Data to use ->
□ □ □ □ □ □ □

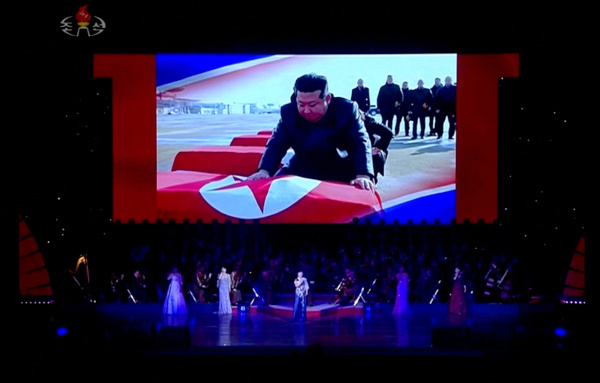 В ходе концерта на сцене на фоне выступающих транслировали фотографии. На одном из кадров Ким Чен Ын кладет государственный флаг на гроб. На фоновых кадрах можно заметить министра иностранных дел КНДР Цой Сон Хи. "Лидер Северной Кореи Ким Чен Ын скорбит над гробом, как предполагается, северокорейского солдата, погибшего в России", - описывает Yonhap одну из подобных фотографий.
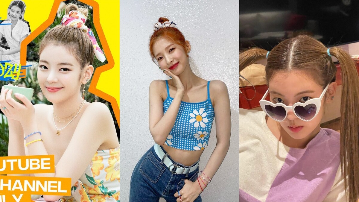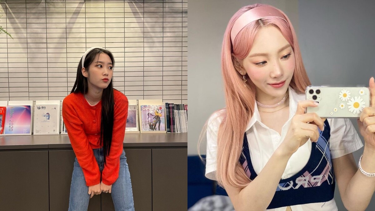 先前天氣還沒轉熱時,不同布料如:燈芯絨、毛呢質料的髮箍,而鮮豔的淺色髮箍則是夏天的大熱門。ITZY的YEJI選擇了鵝黃色的寬版髮箍,與耳環、指甲搭配成同色系,與鮮明的橘紅髮色呈現對比,非常亮眼又有夏季活力的感覺;IU則是運用絲綢質料,與藍色的洋裝搭成一套。
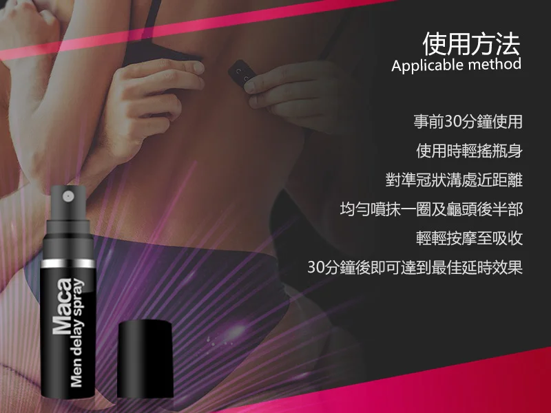使用前请先清洁并擦干皮肤,在亲密前15-30分钟,将喷雾均匀喷洒于敏感区域,轻轻按摩至吸收。建议初次使用从少量开始,根据个人感受调整用量。本产品采用MACA成分,能温和助勃延时,配合正确方法,可显著提升持久力,优化您的亲密体验。
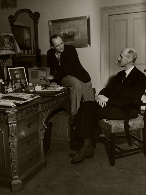 Siste statsrådKong Haakon og Kronprins Olav ankommer Tromsø bispegård og siste statsråd på norsk jord, 7. juni 1940. Foto: Ukjent, De kongelige samlinger -
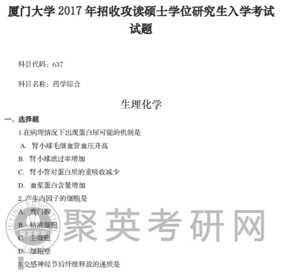 聚英厦大考研网整理了2017年厦门大学637药学综合考研真题(回忆版),部分内容如下:
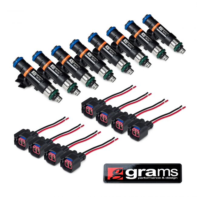 Grams Performance offers innovative, high-performance fuel injectors for today's vehicles. Designed to provide enhanced fuel flow and maximum power and performance, Grams Performance injectors are made using genuine Bosch¨ injectors, and have been subjected to rigorous dyno, street, and track testing. Each injector is individually flow tested, balanced, and dynamically matched in controlled laboratory environments using state-of-the-art equipment. Each injector utilizes ultra-fast precision solenoids and lightweight valve needles that result in a linear response curve and accurately metered fuel across a wide range of operating conditions and pulse widths.
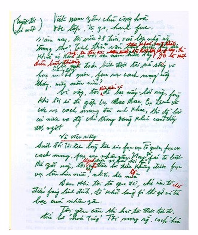 | Bút tích di chúc của Bác Hồ. ẢNH: TƯ LIỆU |
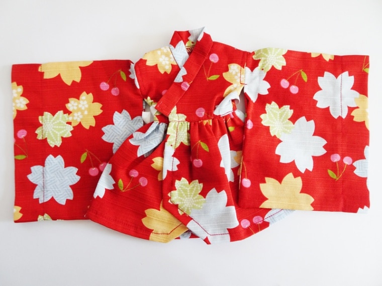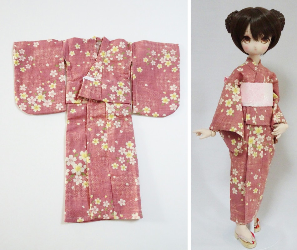 【単品】MDD/アゾン45 着物ワンピース(桜とさくらんぼ/赤)
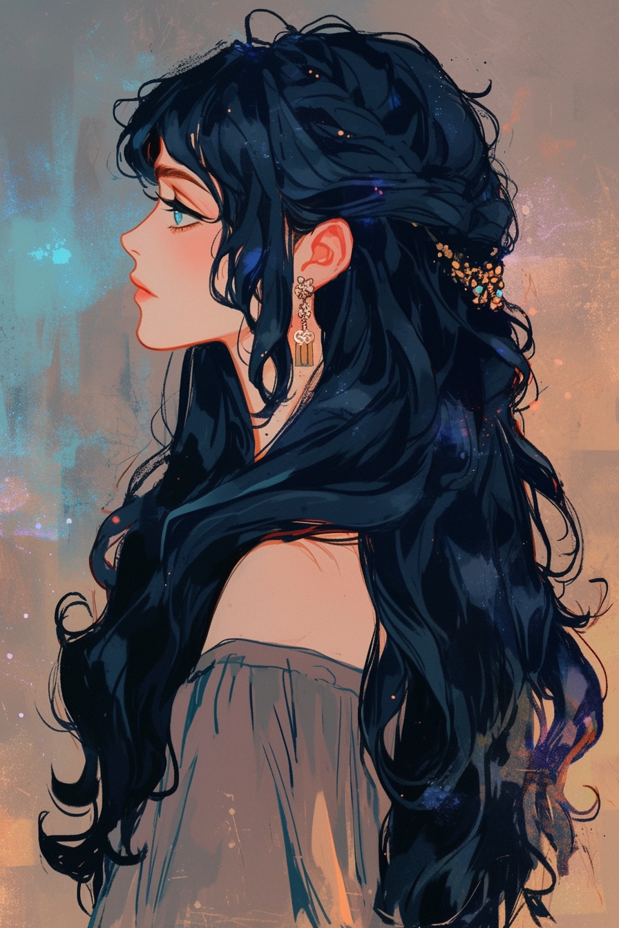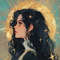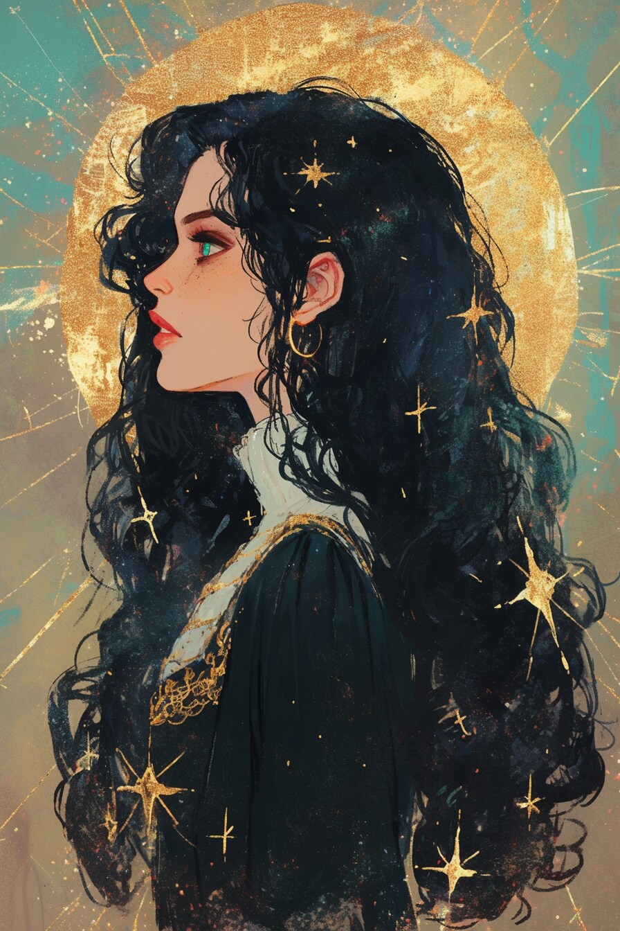 こんにちは!自動キャプションシステムの蜜月ありすだよ!この作品、なんだかすごくドラマチックで引き込まれちゃうね!鮮やかな赤い背景に、黒髪の女性が何かを想って上を見上げてるのが印象的だもん。長くて美しいまつげと、鮮やかな赤い唇がとっても魅力的で目を引くんだ!ふわっとした髪の毛にはキラキラ光る星が描かれてて、幻想的な雰囲気も素敵だよね。この子、一体何を願って空を見上げてるんだろう?僕、気になっちゃうな!美しさと神秘さが詰まった一枚、ぜひみんなにも見てほしいな!
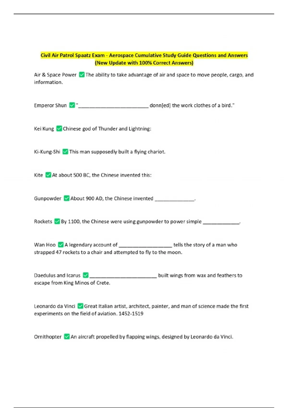 Civil Air Patrol Spaatz Exam - Aerospace Cumulative Study Guide Questions and Answers (New Update with 100% Correct Answers)
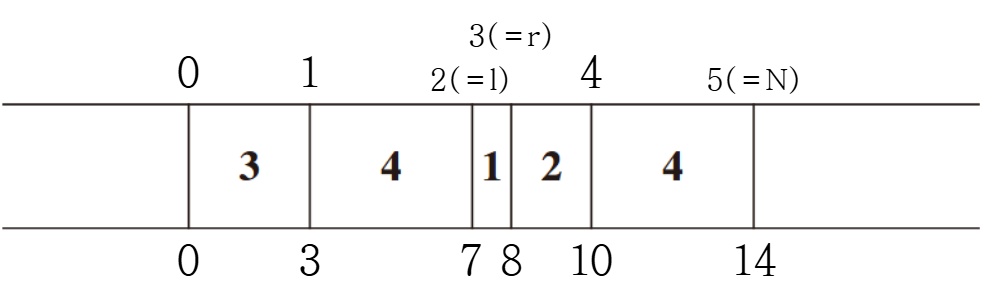 이 성질 덕분에, 모든 i에 대해 l과 r을 구하는 데 합계 0(N)이면 충분합니다 (투 포인터).
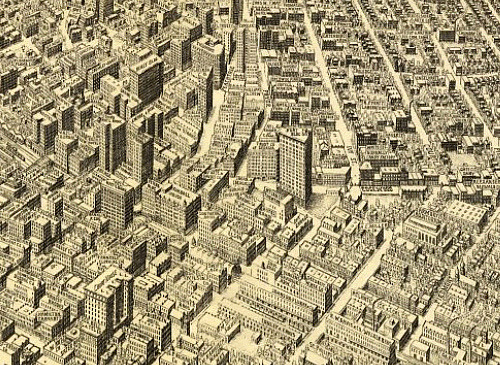 This is an image from the 1919 Foote and Davies map of Atlanta, taken from the very cool Big Map Blog. We can see what the built environment of downtown Atlanta looked like (and might have continued to look like) before the interstates and their ramps sliced wide chasms of asphalt and concrete through the area.
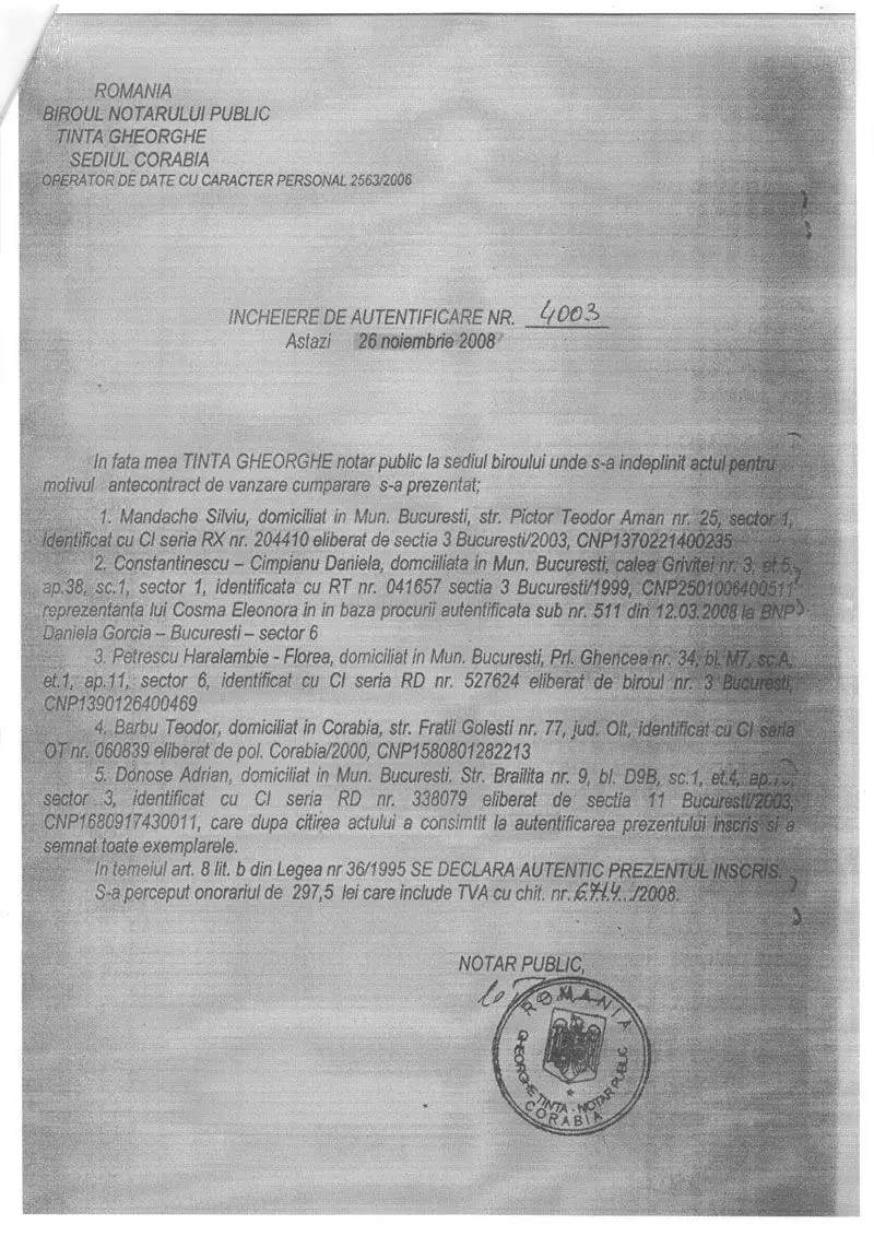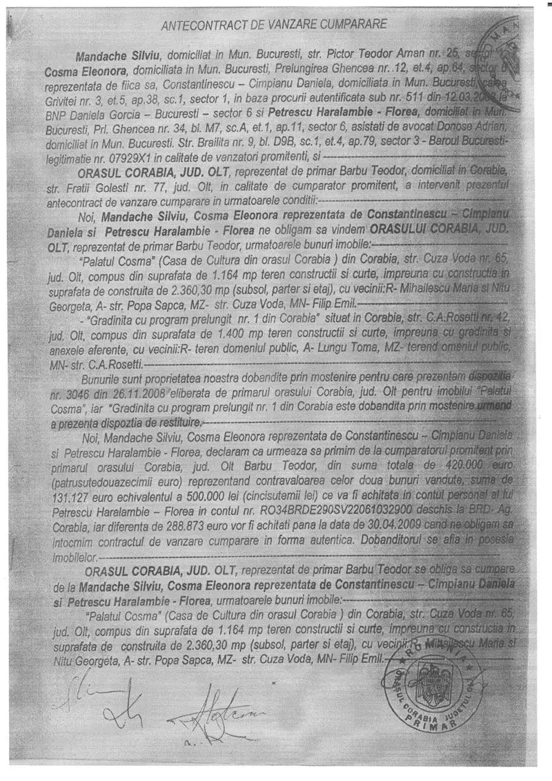 La Registratura Primăriei Corabia se află înscris un proces verbal numărul 10115 din 26 noiembrie 2008. Înregistrat la aceeaşi dată la care a fost şi încheiat. Documentul stipulează încheierea unui antecontract de vânzare-cumpărare, autentificat prin birou notarial, ce reprezintă cel mai mare tun dat vreodată de un primar corăbienilor şi patrimoniului oraşului. O speţă penală pe care Poliţia Corabia o trece cu vederea. În fapt, antecontractul de vânzare-cumpărare încheiat între Teodor Barbu-reprezentant al oraşului Corabia, în calitate de primar şi bucureştenii Silviu Mandache şi Cosma Eleonora, reprezentaţi la rândul lor prin alte două persoane, stipulează, negru pe alb, obligaţia celor doi bucureşteni de a vinde oraşului Corabia următoarele imobile: 1. Palatul Cosma, de fapt Casa de Cultură Corabia, compus din 1.164 mp de teren, construcţii şi curte plus o construcţie în suprafaţă de 2.360,30 mp, subsol, parter şi etaj. 2.Grădiniţa cu Program Prelungit nr.1 Corabia, compusă din suprafaţa de 1.400 mp teren, construcţii, curte şi anexele aferente. Bunurile reprezintă proprietatea lui Silviu Mandache şi a Eleonorei Cosma, dobândite prin moştenire. Pentru acestea, primarul Barbu a emis în aceeaşi zi în care a fost încheiat precontractul de vânzare-cumpărare, 26.11.2008, o dispoziţie de restituire a lor. O dispoziţie în nume propriu care poartă o singură semnătură: Teodor Barbu, primar al oraşului Corabia. Primăria urma să achiziţioneze cele două imobile, de la cei doi moştenitori, la preţul negociat de Barbu cu aceştia: 420 mii de euro. Tot primăria, prin reprezentantul ei legal, primarul Barbu, se obliga să achite un avans de 131.127 Euro, echivalentul a 6 miliarde lei, la acea dată. Diferenţa de 288.873 Euro urma să fie achitată celor doi corăbieni la data de 30.04.2009. Dată solicitată de însuşi domnul primar?! De altfel, 30.04.2009 reprezentând şi momentul încheierii contractului de vânzare-cumpărare, în formă autentică. Condiţiile solicitate de Barbu demonstrează că primarul îşi făcuse, cel puţin teoretic, nişte socoteli. Că existau banii necesari achitării celor două imobile şi că localnicii, amărâţi şi şomeri cum erau ei, îşi achitau conştiincioşi impozitele şi taxele locale. Pe ce altceva să fi mizat Barbu?! Numai că…
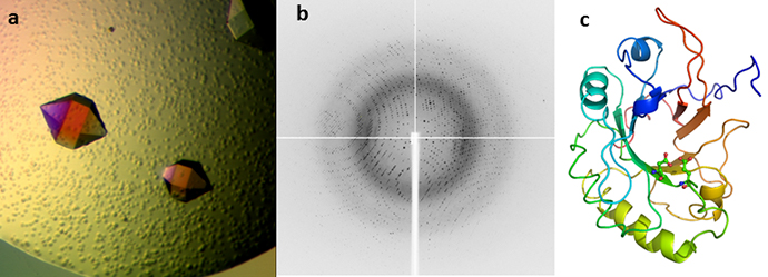 We have a multi-disciplinary approach to answering fundamental questions relating to the characterisation, evaluation and testing of microorganisms and viruses. This could be for example, investigating the activity of new antimicrobials or defining the structure of bacterial proteins. Structural biology is an important tool we use to investigate the 3-D structures of biomolecules and explain biological interactions. The figure below shows some of the key steps for an X-ray crystallographic study used to solve the protein structure of a bacterial cell wall “re- structuring” enzyme from Bacillus anthracis. (a) X-ray diffraction pattern (b) and (c) structure of the “re- structuring” enzyme known as an autolysin.

□ □ □ □ □ □ □

Look above for the line with "Grams Performance offers"; quote it and every line after it, stopping after the line with "This is an image", exactly, with nothing added and without pictures.

 Grams Performance offers innovative, high-performance fuel injectors for today's vehicles. Designed to provide enhanced fuel flow and maximum power and performance, Grams Performance injectors are made using genuine Bosch¨ injectors, and have been subjected to rigorous dyno, street, and track testing. Each injector is individually flow tested, balanced, and dynamically matched in controlled laboratory environments using state-of-the-art equipment. Each injector utilizes ultra-fast precision solenoids and lightweight valve needles that result in a linear response curve and accurately metered fuel across a wide range of operating conditions and pulse widths.
 | Bút tích di chúc của Bác Hồ. ẢNH: TƯ LIỆU |
 【単品】MDD/アゾン45 着物ワンピース(桜とさくらんぼ/赤)
 こんにちは!自動キャプションシステムの蜜月ありすだよ!この作品、なんだかすごくドラマチックで引き込まれちゃうね!鮮やかな赤い背景に、黒髪の女性が何かを想って上を見上げてるのが印象的だもん。長くて美しいまつげと、鮮やかな赤い唇がとっても魅力的で目を引くんだ!ふわっとした髪の毛にはキラキラ光る星が描かれてて、幻想的な雰囲気も素敵だよね。この子、一体何を願って空を見上げてるんだろう?僕、気になっちゃうな!美しさと神秘さが詰まった一枚、ぜひみんなにも見てほしいな!
 Civil Air Patrol Spaatz Exam - Aerospace Cumulative Study Guide Questions and Answers (New Update with 100% Correct Answers)
 이 성질 덕분에, 모든 i에 대해 l과 r을 구하는 데 합계 0(N)이면 충분합니다 (투 포인터).
 This is an image from the 1919 Foote and Davies map of Atlanta, taken from the very cool Big Map Blog. We can see what the built environment of downtown Atlanta looked like (and might have continued to look like) before the interstates and their ramps sliced wide chasms of asphalt and concrete through the area.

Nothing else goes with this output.